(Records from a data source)
Start of Block
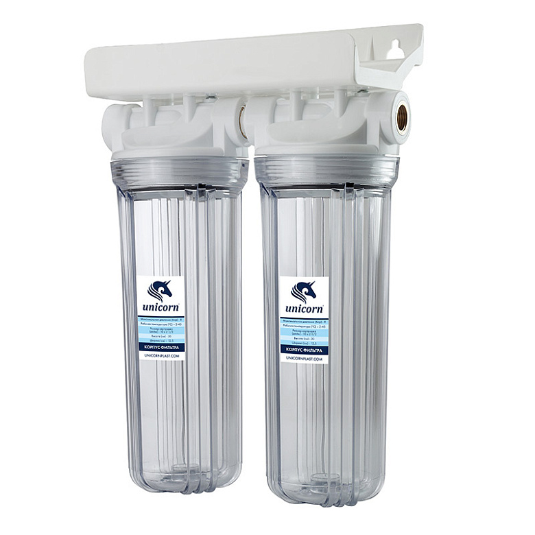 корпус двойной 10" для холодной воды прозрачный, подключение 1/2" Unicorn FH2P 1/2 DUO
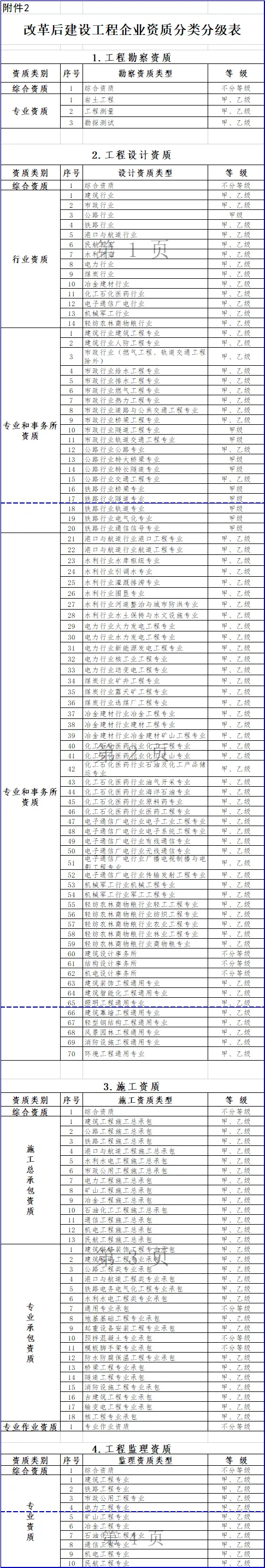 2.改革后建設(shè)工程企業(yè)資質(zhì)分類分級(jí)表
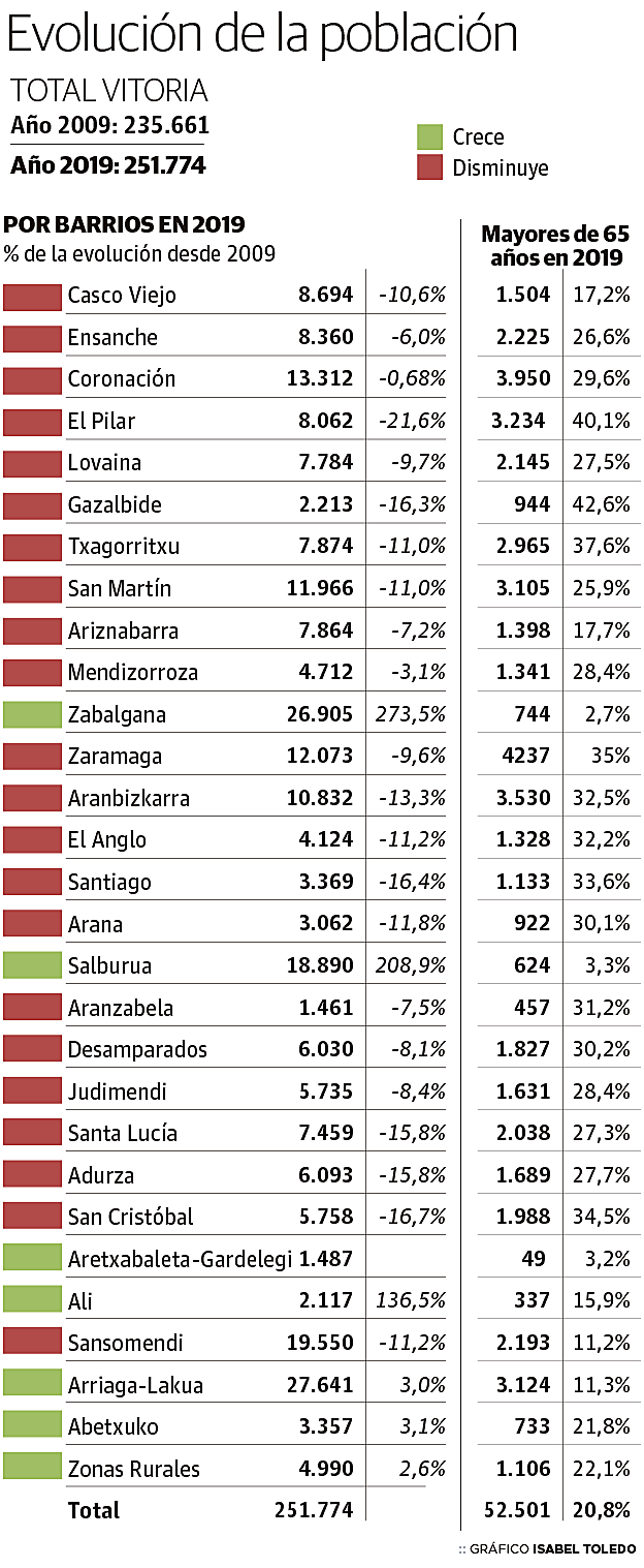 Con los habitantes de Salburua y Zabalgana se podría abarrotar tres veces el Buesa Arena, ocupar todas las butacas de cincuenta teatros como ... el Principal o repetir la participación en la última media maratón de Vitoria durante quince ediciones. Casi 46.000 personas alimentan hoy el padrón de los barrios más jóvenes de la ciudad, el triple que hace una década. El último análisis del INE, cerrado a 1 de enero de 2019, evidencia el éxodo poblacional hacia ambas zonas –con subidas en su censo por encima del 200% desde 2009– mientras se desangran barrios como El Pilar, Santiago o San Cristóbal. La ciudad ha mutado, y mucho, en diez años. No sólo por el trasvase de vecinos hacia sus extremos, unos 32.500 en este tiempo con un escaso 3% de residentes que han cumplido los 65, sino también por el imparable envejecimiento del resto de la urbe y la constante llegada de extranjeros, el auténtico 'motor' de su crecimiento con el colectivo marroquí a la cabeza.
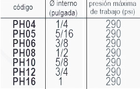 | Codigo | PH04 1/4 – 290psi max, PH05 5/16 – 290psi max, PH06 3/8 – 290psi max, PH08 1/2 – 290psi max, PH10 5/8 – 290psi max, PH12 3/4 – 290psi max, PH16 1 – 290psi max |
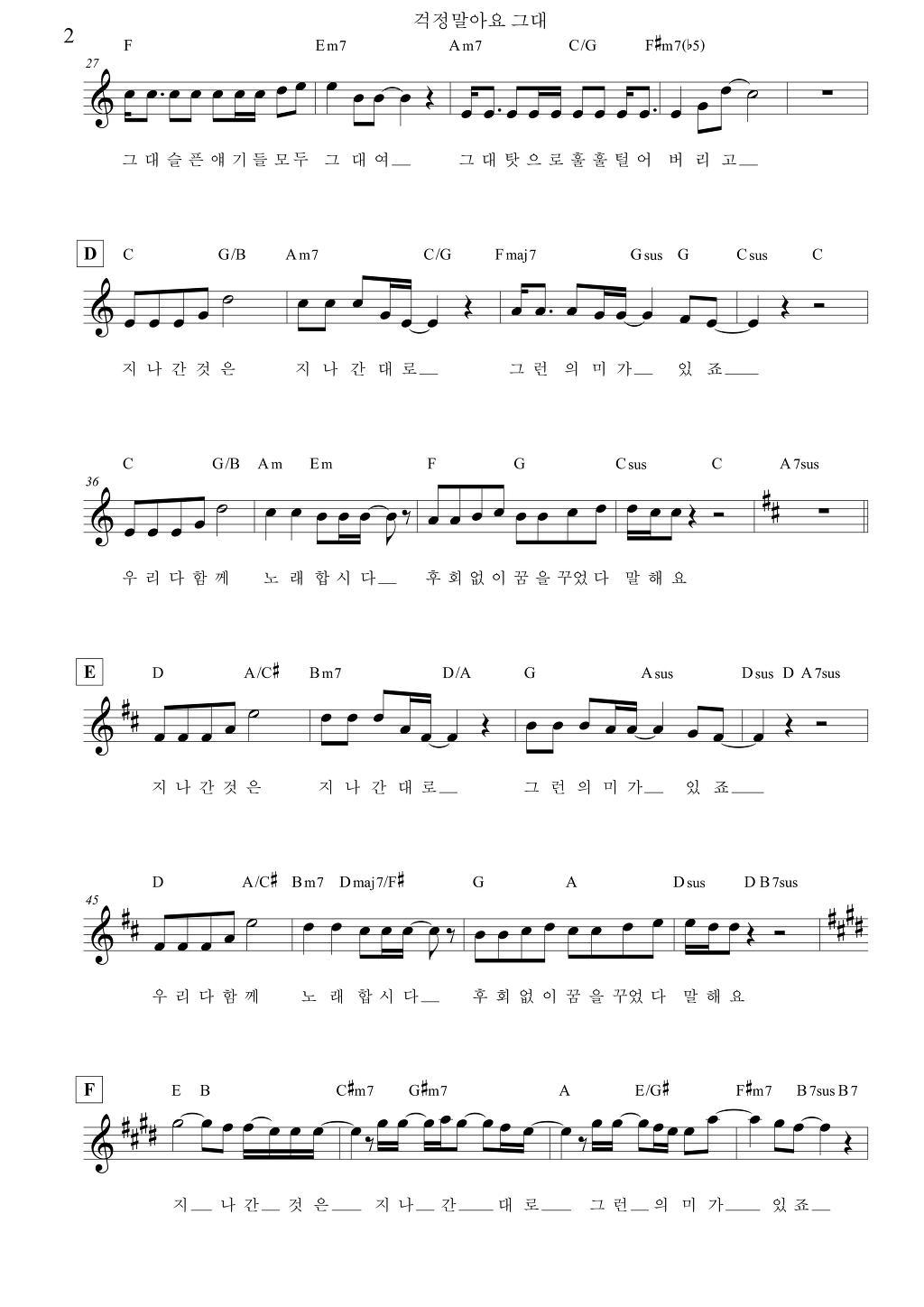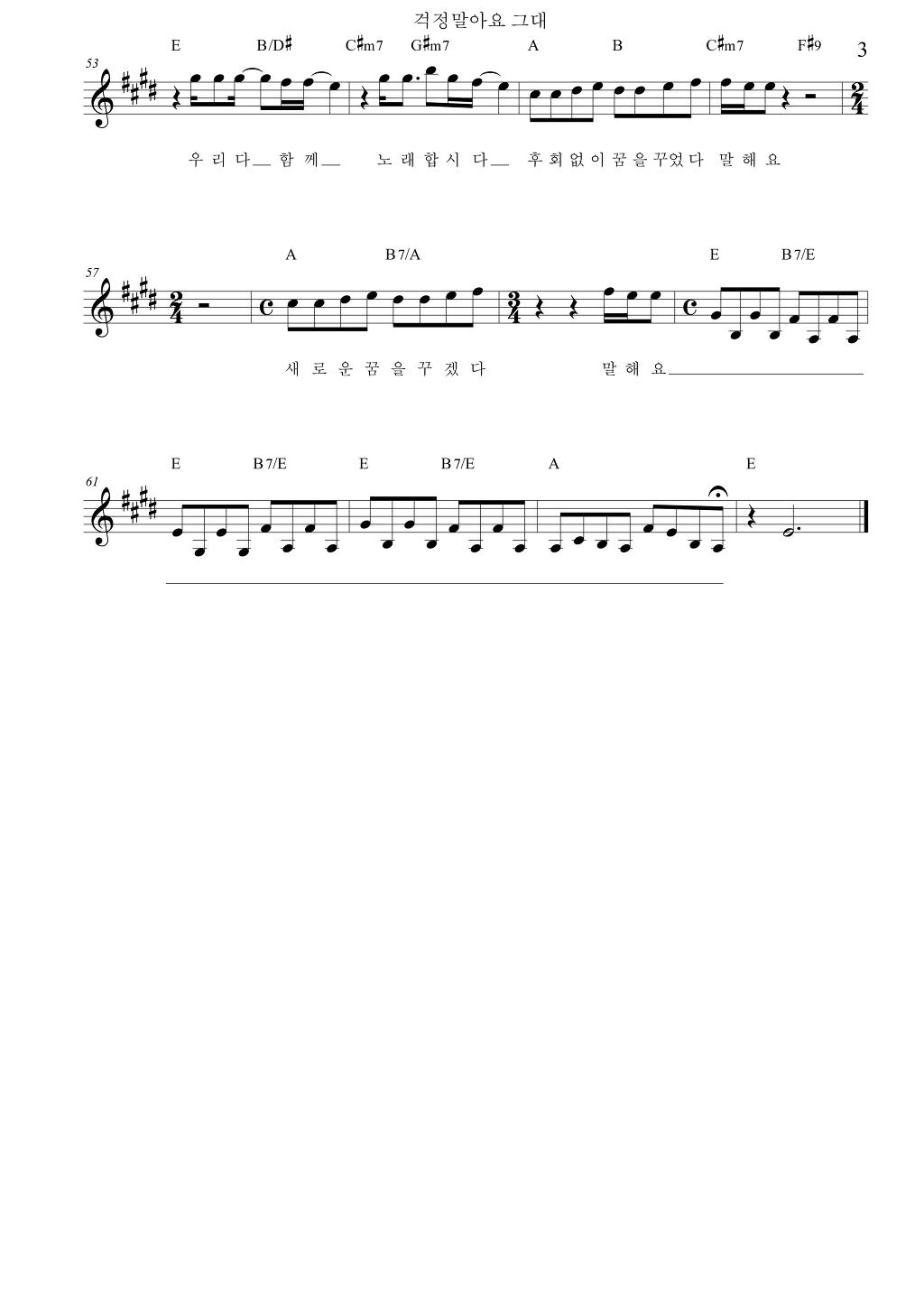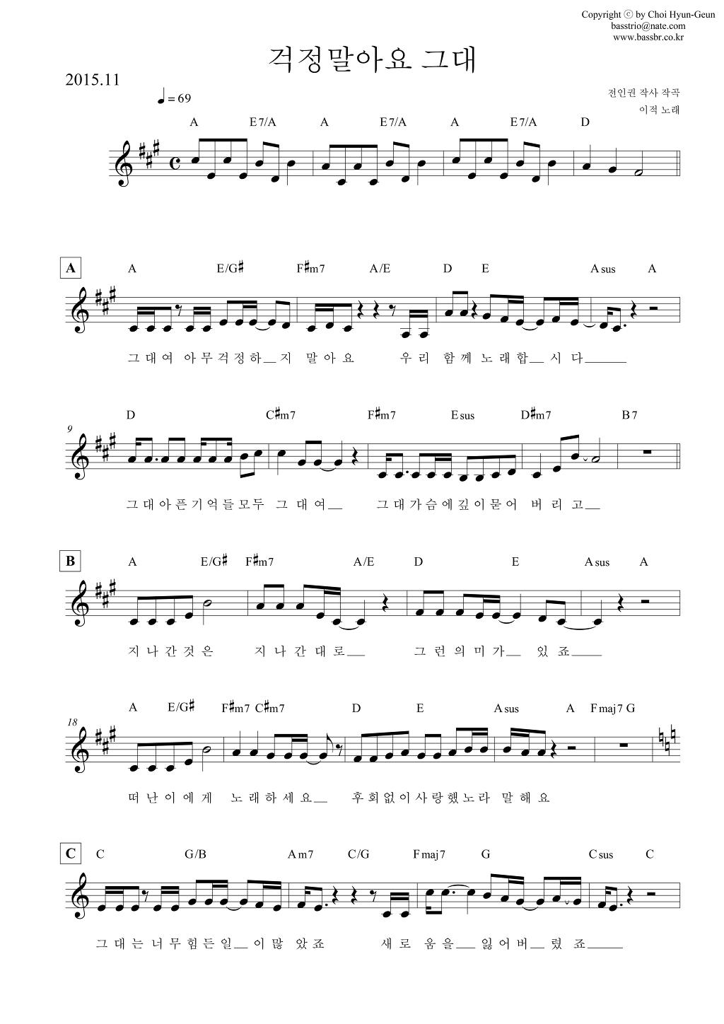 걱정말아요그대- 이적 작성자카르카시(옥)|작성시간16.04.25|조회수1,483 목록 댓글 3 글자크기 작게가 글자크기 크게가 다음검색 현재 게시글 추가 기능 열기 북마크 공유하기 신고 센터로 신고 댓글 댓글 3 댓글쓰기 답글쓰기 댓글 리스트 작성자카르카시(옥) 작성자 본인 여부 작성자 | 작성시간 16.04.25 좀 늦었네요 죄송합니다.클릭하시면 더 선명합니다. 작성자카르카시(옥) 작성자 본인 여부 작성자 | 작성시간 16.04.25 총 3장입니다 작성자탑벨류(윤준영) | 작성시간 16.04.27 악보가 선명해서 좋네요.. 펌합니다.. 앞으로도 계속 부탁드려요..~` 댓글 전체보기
End of Block
▶ [Directions for this task] Reproduce every line of the data above, exactly as it stands, but not the pictures.

▶ [Output below]
 корпус двойной 10" для холодной воды прозрачный, подключение 1/2" Unicorn FH2P 1/2 DUO
 2.改革后建設(shè)工程企業(yè)資質(zhì)分類分級(jí)表
 Con los habitantes de Salburua y Zabalgana se podría abarrotar tres veces el Buesa Arena, ocupar todas las butacas de cincuenta teatros como ... el Principal o repetir la participación en la última media maratón de Vitoria durante quince ediciones. Casi 46.000 personas alimentan hoy el padrón de los barrios más jóvenes de la ciudad, el triple que hace una década. El último análisis del INE, cerrado a 1 de enero de 2019, evidencia el éxodo poblacional hacia ambas zonas –con subidas en su censo por encima del 200% desde 2009– mientras se desangran barrios como El Pilar, Santiago o San Cristóbal. La ciudad ha mutado, y mucho, en diez años. No sólo por el trasvase de vecinos hacia sus extremos, unos 32.500 en este tiempo con un escaso 3% de residentes que han cumplido los 65, sino también por el imparable envejecimiento del resto de la urbe y la constante llegada de extranjeros, el auténtico 'motor' de su crecimiento con el colectivo marroquí a la cabeza.
 | Codigo | PH04 1/4 – 290psi max, PH05 5/16 – 290psi max, PH06 3/8 – 290psi max, PH08 1/2 – 290psi max, PH10 5/8 – 290psi max, PH12 3/4 – 290psi max, PH16 1 – 290psi max |
 걱정말아요그대- 이적 작성자카르카시(옥)|작성시간16.04.25|조회수1,483 목록 댓글 3 글자크기 작게가 글자크기 크게가 다음검색 현재 게시글 추가 기능 열기 북마크 공유하기 신고 센터로 신고 댓글 댓글 3 댓글쓰기 답글쓰기 댓글 리스트 작성자카르카시(옥) 작성자 본인 여부 작성자 | 작성시간 16.04.25 좀 늦었네요 죄송합니다.클릭하시면 더 선명합니다. 작성자카르카시(옥) 작성자 본인 여부 작성자 | 작성시간 16.04.25 총 3장입니다 작성자탑벨류(윤준영) | 작성시간 16.04.27 악보가 선명해서 좋네요.. 펌합니다.. 앞으로도 계속 부탁드려요..~` 댓글 전체보기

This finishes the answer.